Ils quittèrent les hommes endormis, recommandant à Ferrika de les veiller, et revinrent dans le hall inférieur. Damon titubait, et Andrew le soutint, répétant dans le monde physique ce qu’il venait de faire au cours de leur rapport télépathique. Il eut l’impression, encore une fois, que Damon, pourtant plus vieux que lui, était plus vulnérable.
Damon s’assit sur un banc, épuisé, appuyé contre Andrew, le travail de la matrice ayant drainé toutes ses réserves.

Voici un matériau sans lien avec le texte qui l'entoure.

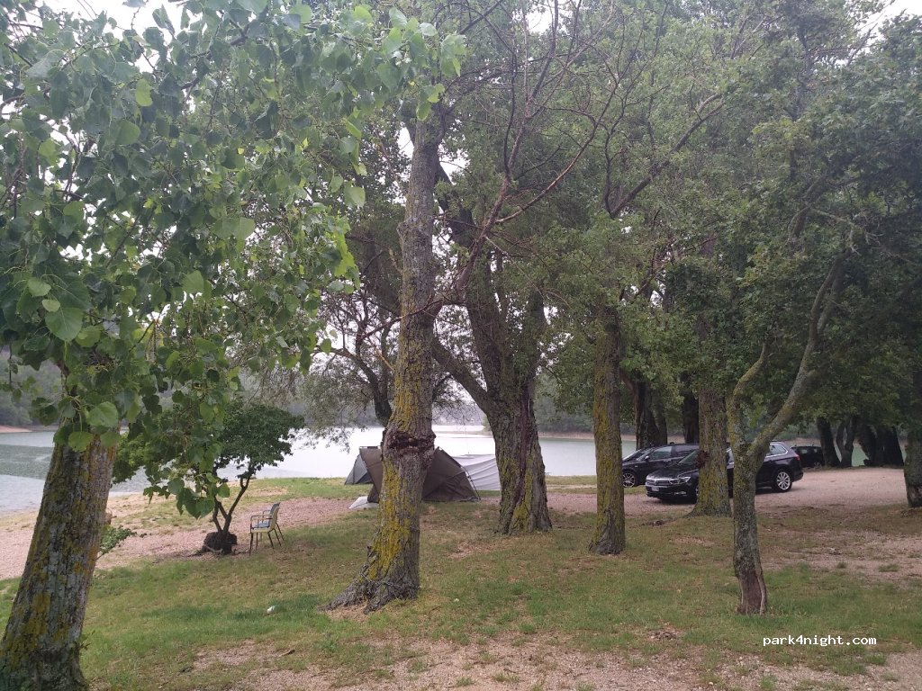 Notte tranquillissima proprio sulle rive del lago, pieno di pescatori in tenda molto silenziosi che facevano avanti e indietro nel lago col gommone a motore elettrico. Il bar ha a disposizione un bagno con doccia al costo di 3€ ad utilizzo ma è fatiscente e sporco, proprio da usare in emergenza. Sosta selvaggia 10€ a notte, se includi il bagno sono 15€. Ci sono di fianco delle vecchissime roulotte parcheggiate abitate da gente poco socievole a cui da fastidio anche la sosta nei paraggi di un furgone, invitandoti ad andare lontano da loro per non rovinargli la vista lago. Il lago in se e per se non è nulla di che. Nessuno faceva il bagno anche se era quasi luglio.

Il prit du pain et des fruits laissés sur la table après le repas du soir et se mit à manger avidement. Dezi aussi mangeait avec voracité.
Damon dit :
— Tu devrais aussi manger quelque chose, Andrew ; le travail à la matrice est épuisant, et tu risques de t’effondrer.
Il avait presque oublié cette terrible sensation d’épuisement, comme si toute vie l’avait quitté. À Arilinn, on lui avait donné toutes les explications techniques sur les courants énergétiques du corps, sur les canaux d’énergie qui véhiculaient la force physique et psychique. Mais il était trop fatigué pour s’en souvenir.
— Je n’ai pas faim, dit Andrew.
— Si, répliqua Damon avec une ombre de sourire, mais tu ne le sais pas encore.
Il arrêta du geste Dezi qui allait se verser une coupe de vin.
— Non, c’est dangereux. Bois de l’eau, ou va chercher du lait ou de la soupe aux cuisines. Mais pas de vin après ce genre de travail : un demi-verre, et tu serais saoul comme un moine à la fête du Solstice d’Hiver !
Haussant les épaules, Dezi alla à la cuisine et en revint avec du lait qu’il servit à la ronde. Damon dit :
— Dezi, tu as séjourné à Arilinn, tu n’as donc pas besoin d’explications, mais Andrew doit être mis au courant : il faut manger deux fois plus que d’habitude pendant un jour ou deux, et préviens-moi si tu as des nausées ou des vertiges. Dezi, il y a du kirian ici ?
— Ferrika n’en fait pas, dit Dezi. De plus, comme Domenic et moi avons passé l’âge de la maladie du seuil, et que Valdir est à Nevarsin, personne n’en a besoin dans la maison.
— Qu’est-ce que le kirian ? demanda Andrew.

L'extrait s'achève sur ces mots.